Yeah, and I purposely subscribe to (or sometimes have a dedicated “federation helper bot” account I run subscribe to) most of the most popular communities on the most popular instances so I can get a decent sampling of what’s going on in the fediverse on the “All” feed. So I assume my storage usage is maybe a bit higher than what an “average” single-user instance may be…
lmao same here. I have a spare account that I use to sub to everything worth subbing to. I haven’t automated it yet though.
Ooh, that’s a really good idea, I need a federation helper bot/account when I start self-hosting a Lemmy instance!
Yeah it’s not automated or anything, I just pop an incognito window and use it when there is a communitI think is worth seeing sometimes in “All” (or just for archiving purposes) but don’t want to clutter “Subscribed”. I may make something to auto-subscribe to communities meeting some criteria or something at some point in the future…
Do you also post stuff? I mean my instance is only about an hour old, but I’ve subscribed to some communities, yet I don’t see the picture service consuming the S3 storage I’ve configured
Lemmy caches every thumbnail of every post for like a month or something using Pictrs, so that storage will eventually hit a sort of equilibrium and start growing much more slowly (only reflecting post/thumbnail volume during the cache time).
Between profile images, community banners/icons, post images etc. there are probably a few dozen images that will be sticking around for the long haul at the moment.
Your instance only caches thumbnails, so it won’t take much space.
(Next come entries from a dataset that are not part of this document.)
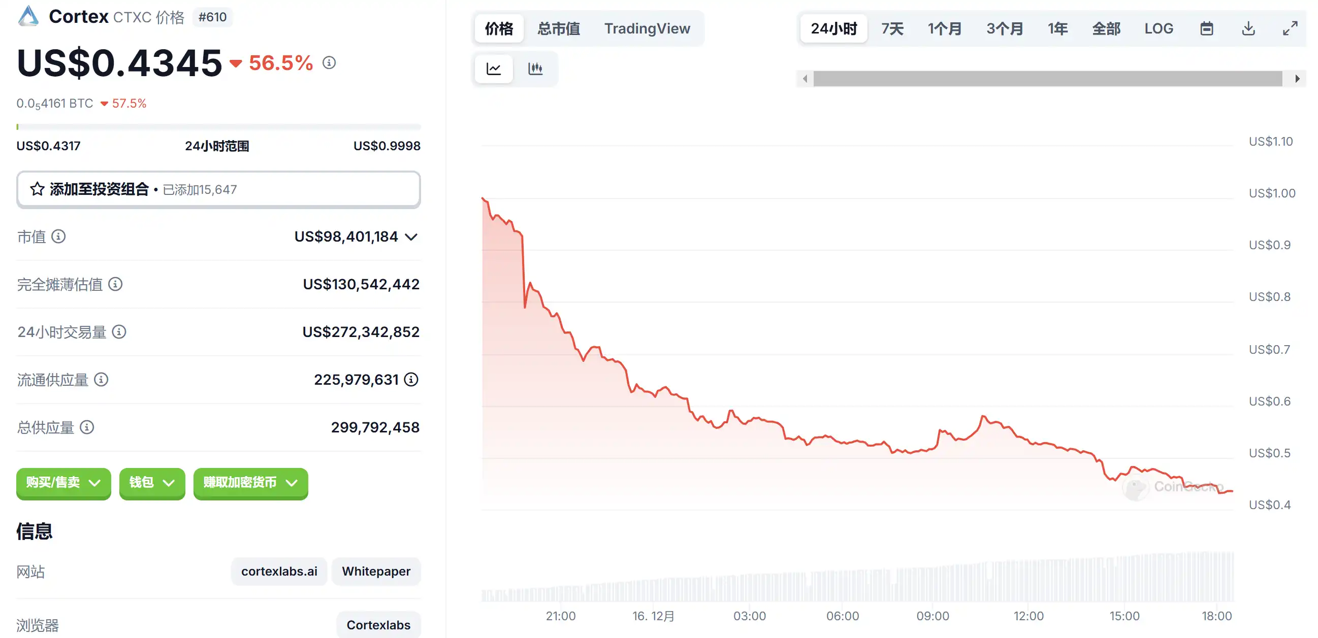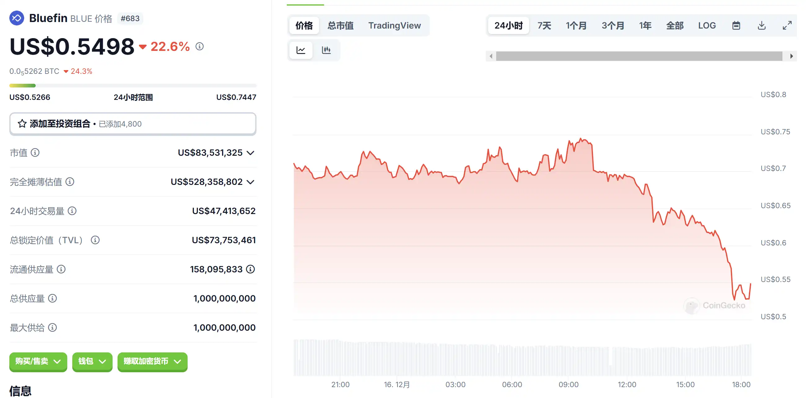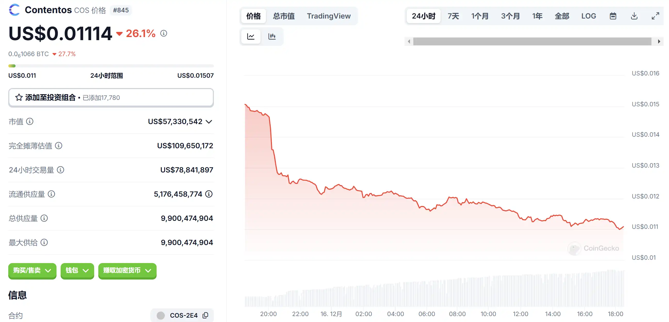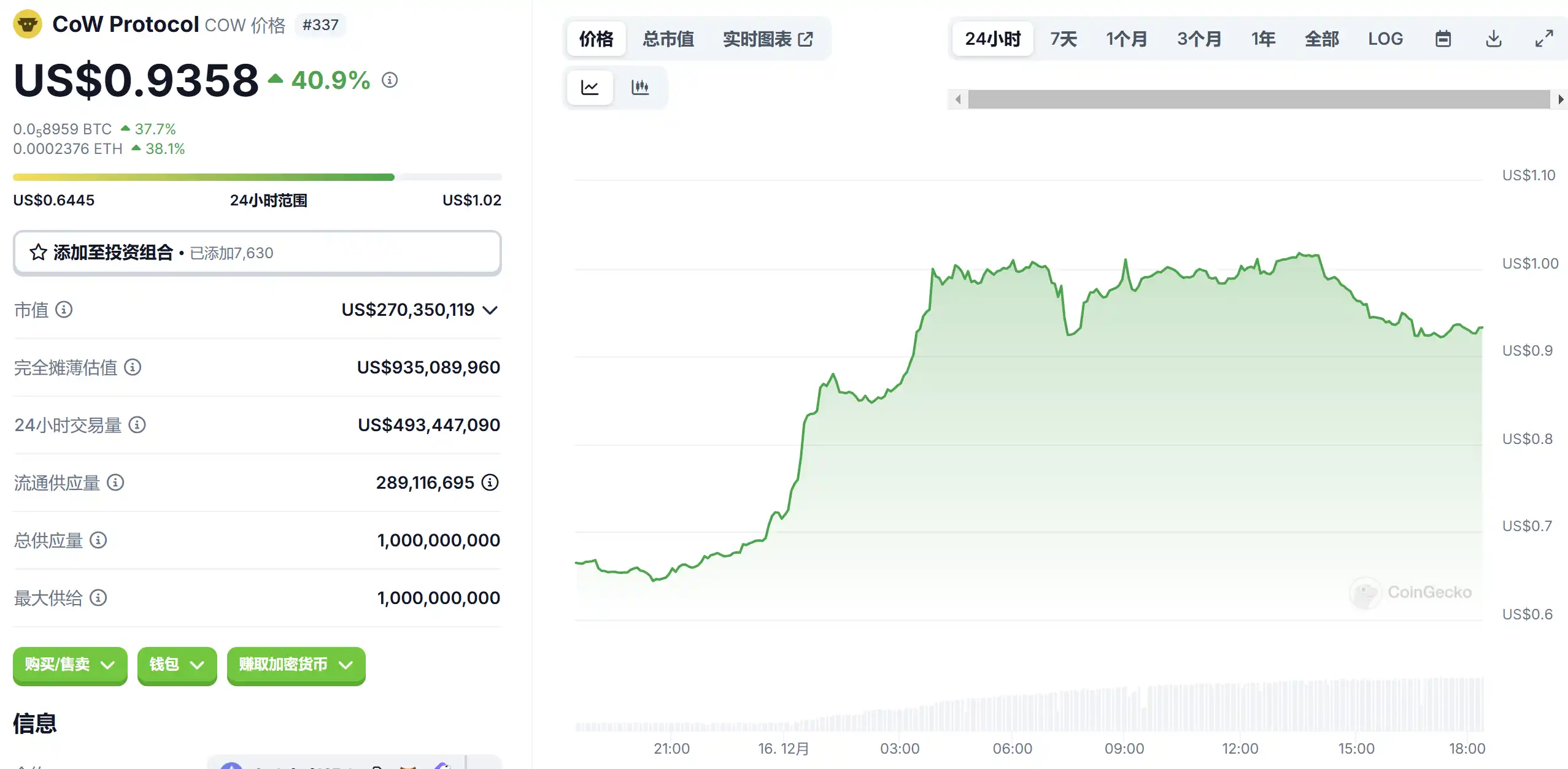 12 月 16 日代币波动情况,按交易量筛选并排列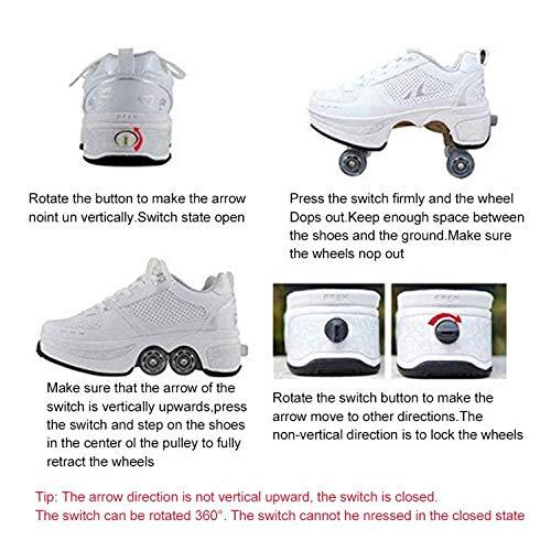 LDTXH自動歩行靴インビジブルローラースケート、2 in 1パルクールシューズ/インラインローラースケート靴、複列クワッドローラースケート屋外スポーツキック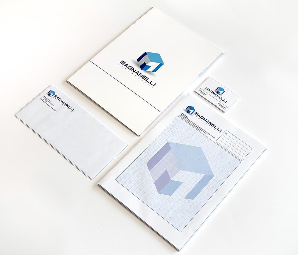 Il marchio si sviluppa su un cubo – figura geometrica che evoca solidità e stabilità – sulle cui facce sono espressi due segni grafici, che visti in prospettiva, disegnano una M. Il logotipo MAGNANELLI e il payoff sono ottenuti con un carattere tipografico bastone squadrato, essenziale e geometrico, anch’esso evoca pulizia e solidità. Al marchio / logotipo seguono i vari strumenti di comunicazione (cartellina, blocco appunti, busta e biglietto da visita, ecc.) che creano una comunicazione integrata di impresa e primo passo per una Corporate Identity.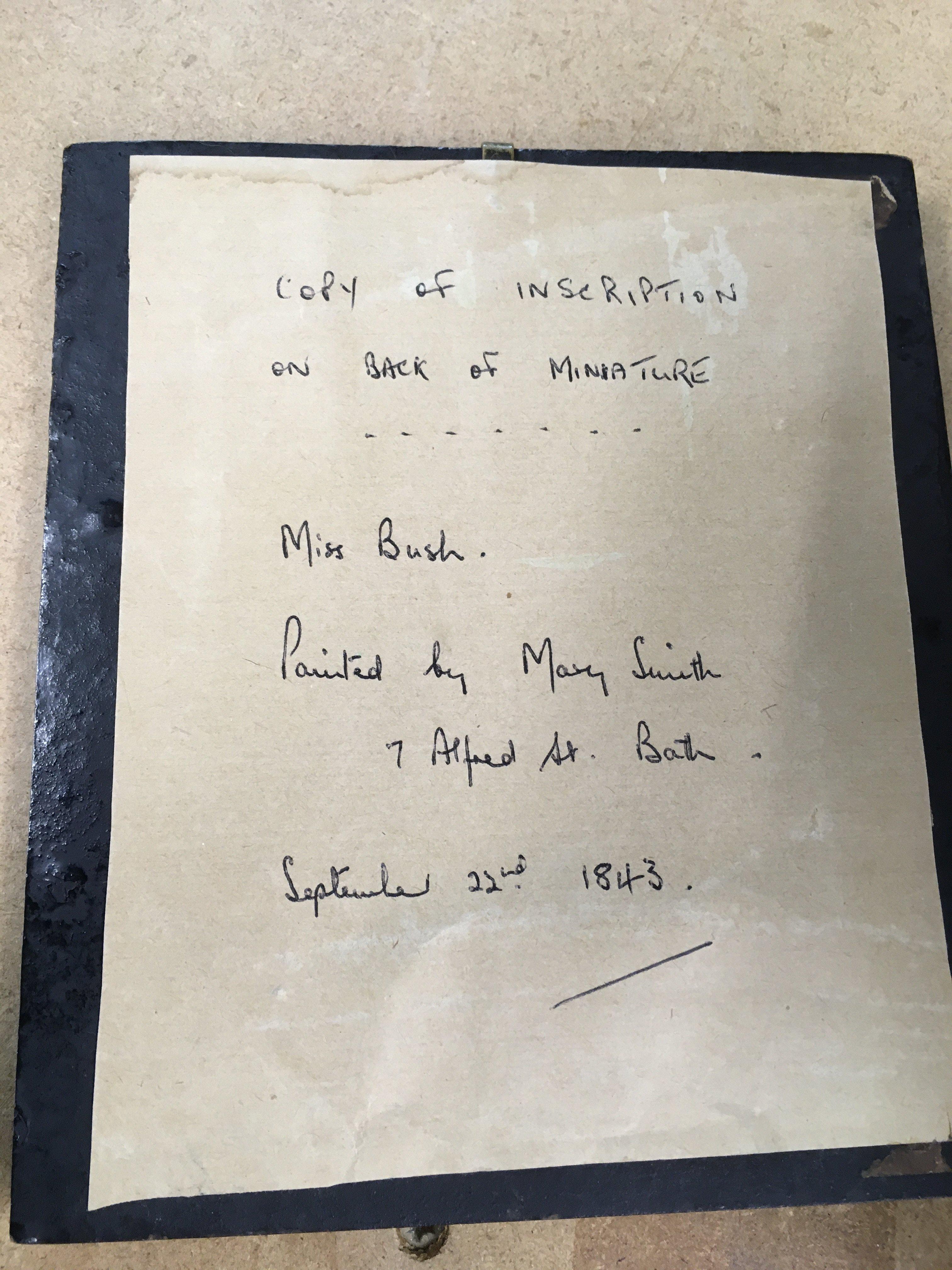 A 19th century miniature by Mary Smith depicting Miss Bush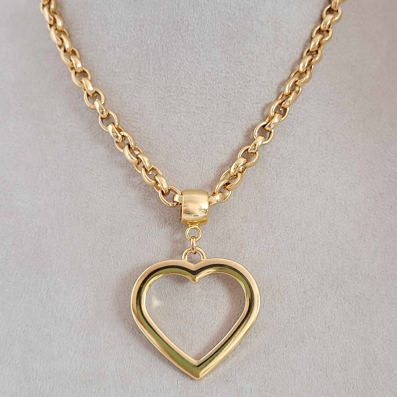 Colar Elo Português Com Pingente Coração Vazado Verniz Italiano 45cm + Extensor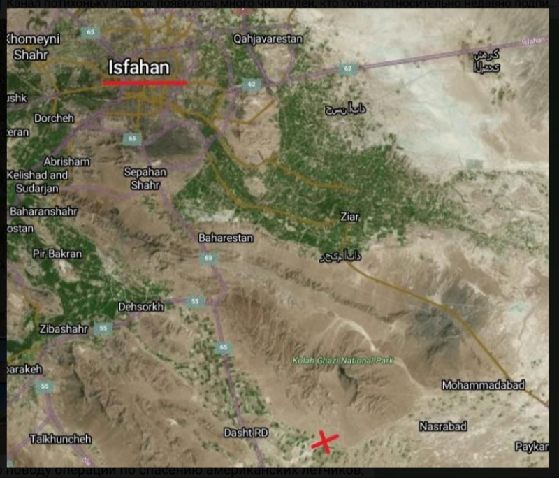 Место проведения операции, которое находится недалеко от одного из главных иранских ядерных центров Исфахан. Скриншот: Телеграм-канал "Русский инженер"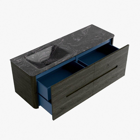 Mondiaz CIRO-DLUX Badkamermeubelset - 140x45x50cm - Solid surface wastafel Lava - 1 wasbak Links - zonder kraangaten - 4 lades - Shadow
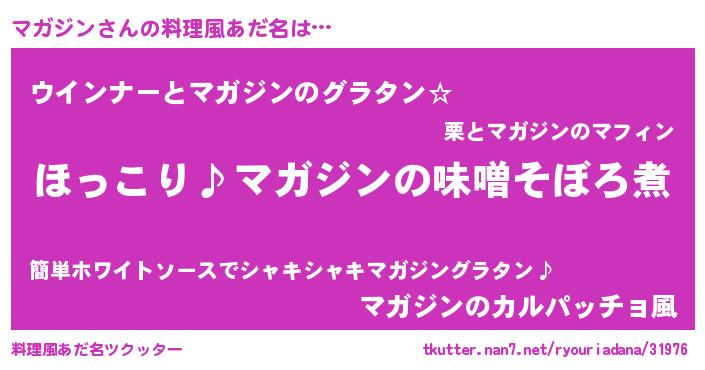| 男性向けラノベタイトル風あだ名 | 『マガジンの憂鬱』『魔弾の王とマガジン』 |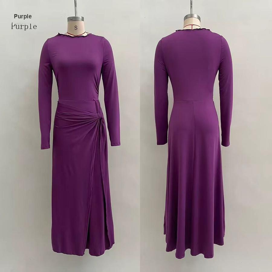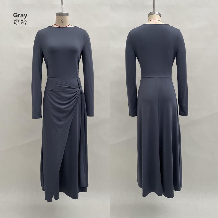 Осень Новые Женские Платья Однотонное Элегантное Платье-запа́х Длинное с Декором Длинный Рукав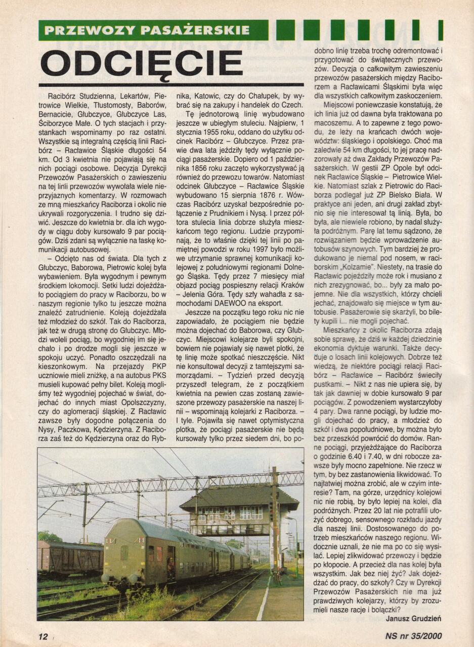 Skan artykułu z Nowych Sygnałów, dotyczący zawieszenia przewozów pasażerskich w relacji Racibórz - Racławice Śląskie; a mówiąc po ludzku: cynicznego i bezczelnego oszukania oraz pozostawienia na lodzie kilku tysięcy pasażerów, przez ówczesne władze PKP i rząd RP. Ówczesny minister transportu i gospodarki morskiej w rządzie Jerzego Buzka: Tadeusz Syryjczyk. Ówczesny dyrektor generalny PKP: Krzysztof Celiński.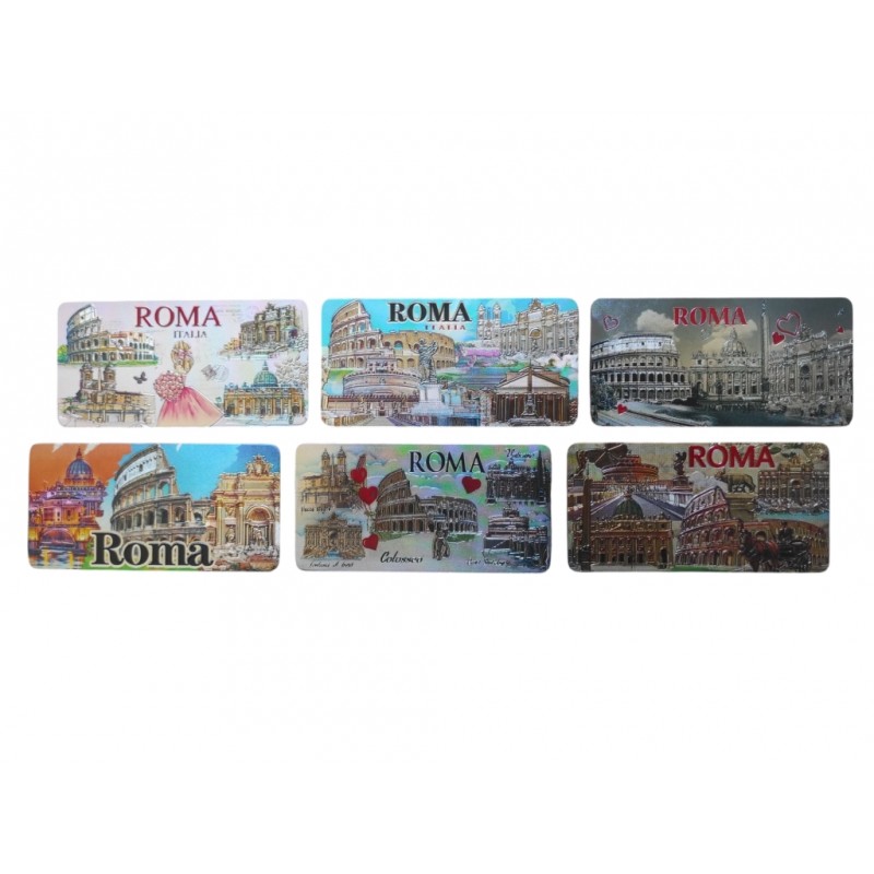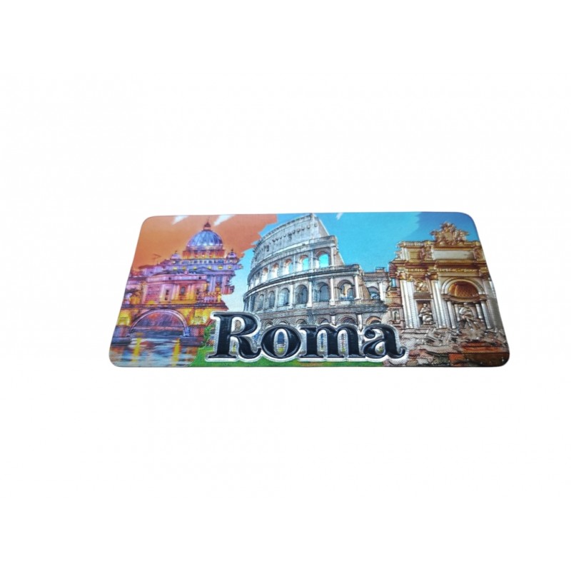 Ogni calamita presenta una stampa dettagliata e colorata di monumenti celebri, tra cui il Colosseo, la Basilica di San Pietro, il Pantheon, Piazza del Popolo, Piazza Venezia, Fontana di Trevi e altre meraviglie della Città Eterna. L'uso di colori vivaci e scritte ben evidenziate come "ROMA" e "ITALIA" aggiunge un tocco artistico e distintivo a ogni pezzo.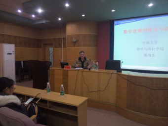 3月6日晚,中南大学数学与统计学院博士生导师韩旭里教授做客今年会“人文科技大讲坛”,在养根多媒体报告厅为今年会师生带来了题为《数学建模的特点与创新性》的学术报告。报告由数学与金融学院院长陈国华教授主持,教务处处长羊四清教授、数学与金融学院副院长李炳君博士、今年会数学建模教研团队全体成员以及200余名学生聆听了报告。

The full images are served from the remote instance. So you basically only store whatever your users upload.
It won’t scale linearly. A lot of those users will be subscribed to subs the instance is already replicating. It would only be new subs that would add to the growth.
And only active subs. And even then, it’s just text and tiny thumbnails.
Question if you know: does a lemmy instance have to be publically accessable to work? Like, if I make an instance on my homelab can the instance “fetch” content and serve it faster locally? Could I reply to a post and have others see it? Etc
wondering this also! wouldnt it require a domain for your account though?
Now I wonder how viable it would be to support video hosting. The answer is almost certainly “God no!”
It is viable through other hostings
Honestly, Less than I thought!
Interesting, I thought it would be waaayyy more
At the end of the day the vast majority of what needs to be saved is text. If media content is embedded, the the server just has to save the path to the file not the file itself.
Yeah lemmy seems to use just about nothing for data storage.
Wow, that is surprisingly not bad given the size of the instance!
Feels like this will benefit from some sort of fuzzy deduplication in the pictrs storage. I bet there are a lot of similar pics in there. E.g. if one pic or a gif is very similar to another, say just different quality or size, or compression, it should keep only one copy. It might already do this for the same files uploaded by different people as those can be compared trivially via hashing, but I doubt it does similarity based deduplication.
That’s not super terrible given the size of lemmy.world.